Anshel Pfeffer
May 14, 2008 - 5:18pm

Prime Minister Ehud Olmert said on Tuesday that he and Palestinian President Mahmoud Abbas have reached "understandings and points of agreement" on key issues in U.S-backed peace talks but he gave no details.

"There has been significant progress, and understandings and points of agreement have been reached in important matters, but not on all the issues," Olmert said in a speech to visiting world leaders at the "Facing Tomorrow" presidential conference.

"The discussions we are holding with the Palestinian Authority are very serious and meaningful," he said.
Olmert also stated that, "the greatest challenge now before us in the State of Israel, according to which its future will be determined, is the challenge of setting the final borders of the state within the framework of a peace accord with its neighbor, which will be recognized by the entire international community."

The prime minister is currently embroiled in a new investigation into allegations of corruption , as a result of which senior Palestinian officials have cast doubt over his ability to reach a peace deal with the PA.

Palestinian officials said Tuesday that there are no such understandings. "We have had serious and in-depth negotiations with the Israeli side," said negotiator Saeb Erekat, "but gaps still exist in all issues. We hope to be able to break these gaps before the end of 2008."

In the address, Olmert reiterated his support for a two-state solution to the Israeli-Palestinian conflict: "As long as the State of Israel's borders are not formed in line with this principle, as long as the blurring and mixing between us and the Palestinians continues - we will not realize the vision of tomorrow."

Also Tuesday, U.S. Secretary of State Condoleezza Rice said it was a misperception that not that much is going on in the political negotiations.

Her language was tempered, however. "I'm also a big believer that nothing is really impossible," she said in an interview conducted Monday and aired Tuesday on CBS' The Early Show. "It might be improbable, but it's not impossible."

Peres: Mideast skies are clouded over by Iranian ambition
Earlier Tuesday, President Shimon Peres, who was hosting the Jerusalem event, said "the skies of the Middle East are clouded over with Iranian ambition."

In a speech launching the international event, Peres went on to say that "fanatic, religious ambition aimed at taking over the entire region, and terror, including Iranian terror, have no shape and no future."

"The Iranian threat is taking on two forms: it is destroying Lebanon, breaking apart its unity, destroying its welfare without contributing anything for the future, and in the Gaza Strip where a group of religious fanatics is preventing the establishment of a Palestinian state.
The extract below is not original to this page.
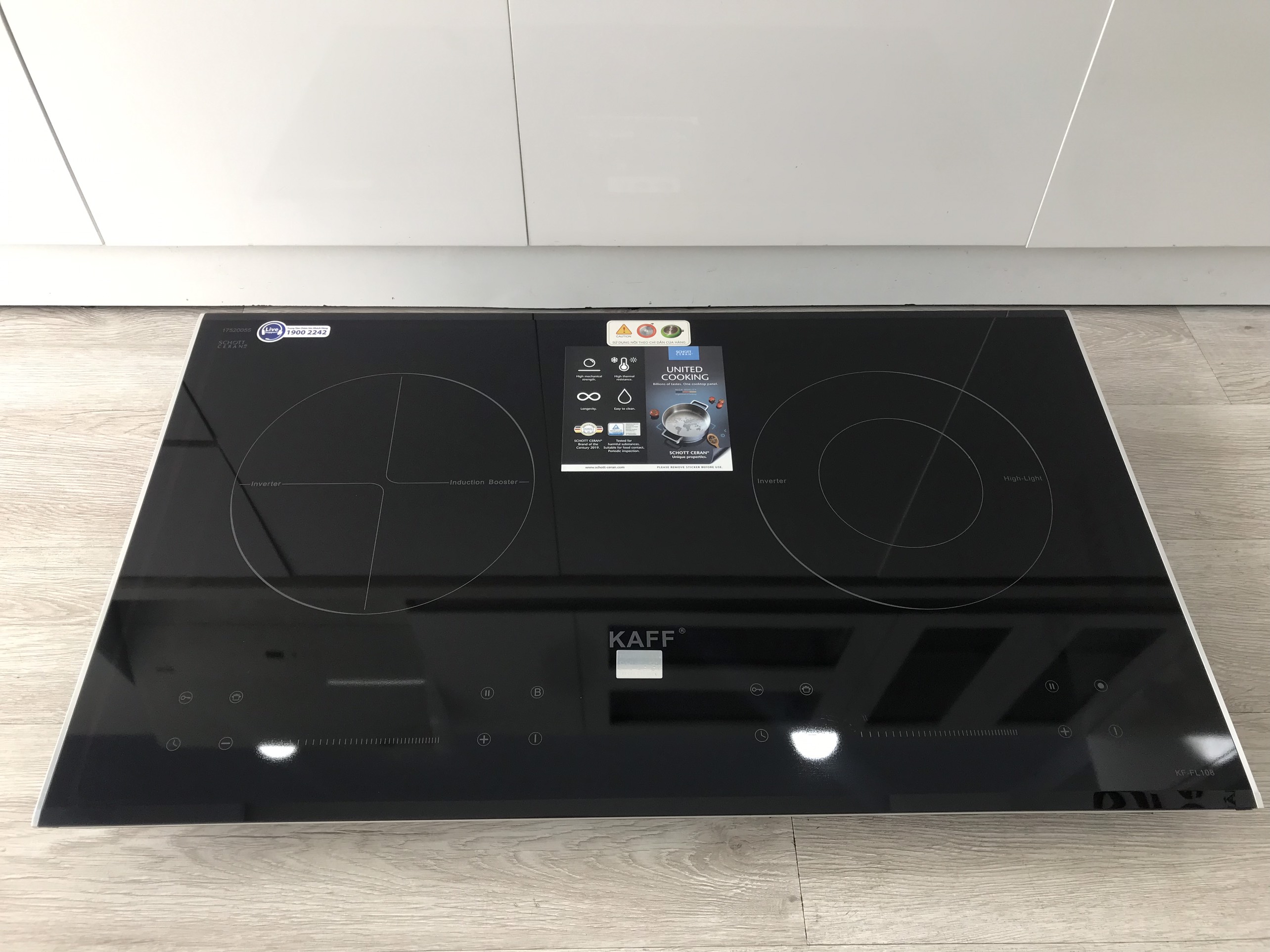BẾP ĐIỆN TỪ KAFF KF-FL108 | NHẬP KHẨU NGUYÊN CHIẾC TỪ CHLB ĐỨC | THIẾT KẾ SANG TRỌNG | HỆ ĐIỀU KHIỂN CẢM ỨNG SLIDER CONTROL LINH HOẠT | AN TOÀN, BỀN BỈ VÀ TIẾT KIỆM ĐIỆN NĂNG   Bếp điện từ Kaff KF-FL108 sử dụng mặt kính Schott Ceran sản xuất tại Đức, mặt kính được làm từ chất liệu gốm thủy tinh có khả năng chịu nhiệt lên đến 1000°C, kháng sốc 750°C. Bề mặt kính chịu nóng lạnh cũng như sự thay đổi đột ngột của nhiệt độ. Độ giãn nở vì nhiệt thấp nên bếp hoạt động rất hiệu quả và cách nhiệt. Mặt bếp tản nhiệt nhanh và được cách điện an toàn với các linh kiện điện tử bên trong thân. Bạn có thể yên tâm sử dụng mà không lo bị bỏng hay điện giật.   Đây là mặt kính chuyên dụng dành cho bếp điện từ, là một loại kính có chất lượng cao, rất cứng, bền và có nhiều đặc điểm nổi trội như: khả năng chịu nhiệt, khả năng chống trầy xước và chống va đập Mặt kính gồm các thấu kính hội tụ, truyền nhiệt từ bếp lên đáy nồi theo phương thẳng đứng, không thất thoát nhiệt ra môi trường. Mặt kính màu xám liền nguyên khối, an toàn, thẩm mỹ và tiện trong việc vệ sinh, lau chùi.   Bếp điện từ Kaff KF-FL108 gồm 2 vùng nấu với tổng công suất 4200W, vùng nấu từ trái có công suất 2200W khi kích hoạt tính năng nấu nhanh Booster công suất lên tới 3500W, vùng nấu hồng ngoại phải sử dụng mâm nhiệt E.G.O Hi-Light với 02 vòng nhiệt có công suất tối đa 2000W. Chỉ trong chốc lát sau khi kích hoạt tính năng này, nhiệt lượng trên vùng nấu từ tăng lên công suất tương đương với mức nhiệt lượng lớn nhất. Do đó, các món ăn được nấu chín nhanh hơn, tiết kiệm thời gian vào bếp cho chị em nội trợ. Chức năng Booster nấu siêu nhanh, tuy nhiên thời gian tối đa mặc định dùng chức năng này là 10 phút / lần tránh quá tải.   Bếp điện từ Kaff KF-FL108 với công nghệ Inverter thông minh vượt trội giúp làm giảm lượng tiêu thụ điện của các sản phẩm có sử dụng lõi từ của bếp từ. Ngoài ra công nghệ Inverter còn giúp bếp từ điều chỉnh mức công suất phù hợp để không làm tiêu thụ nhiều điện năng. Bếp điện từ Kaff KF-FL108 với cảm biến thông minh sẽ cố định công suất tiêu thụ điện khi đun nấu, không bật tắt liên tục như các bếp từ thông thường khác (tự động điều chỉnh liên tục để đảm bảo mức nhiệt tương đương bằng với con số hiển thị trên bàn điều khiển).   Bạn có thể tận dụng các loại xoong, nồi vì bếp điện không kén nồi, phù hợp với nhiều kích cỡ. Ưu điểm của bếp điện hơn hẳn các sản phẩm khác là có thể nướng trực tiếp lên bề mặt. Nướng thịt, rau củ, hải sản thơm ngon. Bạn nên vệ sinh sạch sẽ mặt bếp sau khi sử dụng. Hoạt động của bếp điện là truyền nhiệt lên mặt kính rồi mới lên đáy nồi nên mặt kính bếp rất nóng. Sau khi nấu, bạn có thể tận dụng hâm nóng thức ăn trên bếp. Ngược lại với vùng điện, bếp từ chỉ hơi nóng vùng nấu. Hiệu suất nấu lên tới 90%. Chức năng nhận diện vùng nấu chỉ sinh nhiệt vùng đáy nồi, tránh nồi thất thoát nhiệt ra ngoài.   Bếp điện từ Kaff KF-FL108 được tích hợp chức năng tự nhận diện vùng nấu, khi ta đặt nồi lên 1 trong 2 vùng nấu sau đó ấn nút khởi động bếp sau thời gian 1-2 giây bếp sẽ tự động tìm vùng nấu đã có nồi, ta chỉ việc điều chỉnh mức công suất to nhỏ theo ý muốn mà không phải thao tác chọn vùng nấu như bếp thông thường. Công nghệ Inverter được áp dụng trên Bếp điện từ Kaff KF-FL108 có khả năng phản ứng thay đổi công suất theo điều khiển ngay tức thì, khi người dùng điều chỉnh tăng giảm nhiệt độ đun nấu, bếp điều chỉnh thay đổi tức thì về mức nhiệt độ mong muốn.   Bếp điện từ Kaff KF-FL108 sử dụng bảng điều khiển cảm ứng dạng trượt Slider Control hiện đại với 9 cấp độ công suất nhiệt độ khác nhau, điều khiển dễ dàng bằng một ngón tay, mọi chương trình nấu đều được hiển thị qua đèn Led sắc nét để bạn điều chỉnh cho phù hợp với các món ăn. Bếp còn được trang bị thêm các chức năng nấu thông minh là: tính năng tạm dừng và hâm nóng.   Chức năng tạm dừng và ghi nhớ chương trình Pause & Recall: Tạm dừng bếp khi đang đun nấu, sau đó ta tiếp tục đun nấu trở lại bằng việc nhấn vào thanh trượt Slider hoặc phím Pause, bếp sẽ hoạt động trở lại đúng cài đặt trước đó khi được khởi chạy trở lại.   Chức năng ủ ấm “hâm nóng”: Với công nghệ biến tần Inverter vượt trội, Bếp điện từ Kaff KF-FL108 có khả năng ủ ấm ở nhiệt độ nhất định, chức năng ủ ấm được lập trình giữ mức nhiệt độ ổn định giúp chúng ta duy trì nhiệt cho thức ăn luôn nóng mà không bị nguội đi phải đun lại nhiều lần làm giảm chất dinh dưỡng trong thức ăn, đặc biệt về mùa đông thời tiết lạnh.   Phần thân vỏ của Bếp điện từ Kaff KF-FL108 sử dụng chất liệu thép chống rỉ. Đây là chất liệu

If it weren?t for Hamas, there would have already been a Palestinian state founded on the principle of two states for two peoples. They [Iran] only bring destruction without any benefit whatsoever," the president continued.

"The past is indefensible," Peres went on to say, "the future will be built by peace, not by terror."

Author and Nobel Prize laureate Elie Wiesel, another speaker at the conference, branded Iranian President Mahmoud Ahmadinejad as "the number one Holocaust denier in the World. This man is being received in places in the world? it's a disgrace."

Addressing the presidents at the conference, Wiesel said: "Don't receive him if he wants to come? This man should be declared persona non grata in every civilized society."

Weisel also posed to the audience that if Israel could make peace with Germany, why can't it make peace with the Palestinians.

Meanwhile, after his earlier comments, Peres said that Israel could have achieved peace 60 years ago, sparing the lives of thousands.

"The future that we are trying to invite could have taken place 60 years ago," Peres declared in a short speech given in English. "We could have had two states for the two peoples if the UN resolution would have been accepted by all parties."

The president went on to say that "we could have had peace with Egypt and Jordan at the beginning of the road instead of in the middle of the lake. Thousands of lives of men, women and children would have been saved."

In regard to Jewish identity, Peres said "Jews who are religiously alone in the world and Israel, being the only Jewish state, asked themselves how to offer a proper future for a great religion and a small people. Replace apology for contribution, make anti-Semitism and insults a shame. How can a small state navigate in stormy oceans without losing hope?"

Addressing the 27 heads of state of the present and the past and the 3,500 guests that attended the conference, the president offered his gratitude, saying "I want to thank you, each of you and all of you, for being here tonight in Jerusalem. Your presence here is a call to millions of people not to give up."

"Your profound experience, ripe judgment, and individual wisdom will teach us to identify dangers and opportunities and watch hope the way you see a sunrise of hope for peace, for freedom, for a just society." he continued.

"In Jerusalem we learned to pray. Now let us now learn to act," Peres concluded.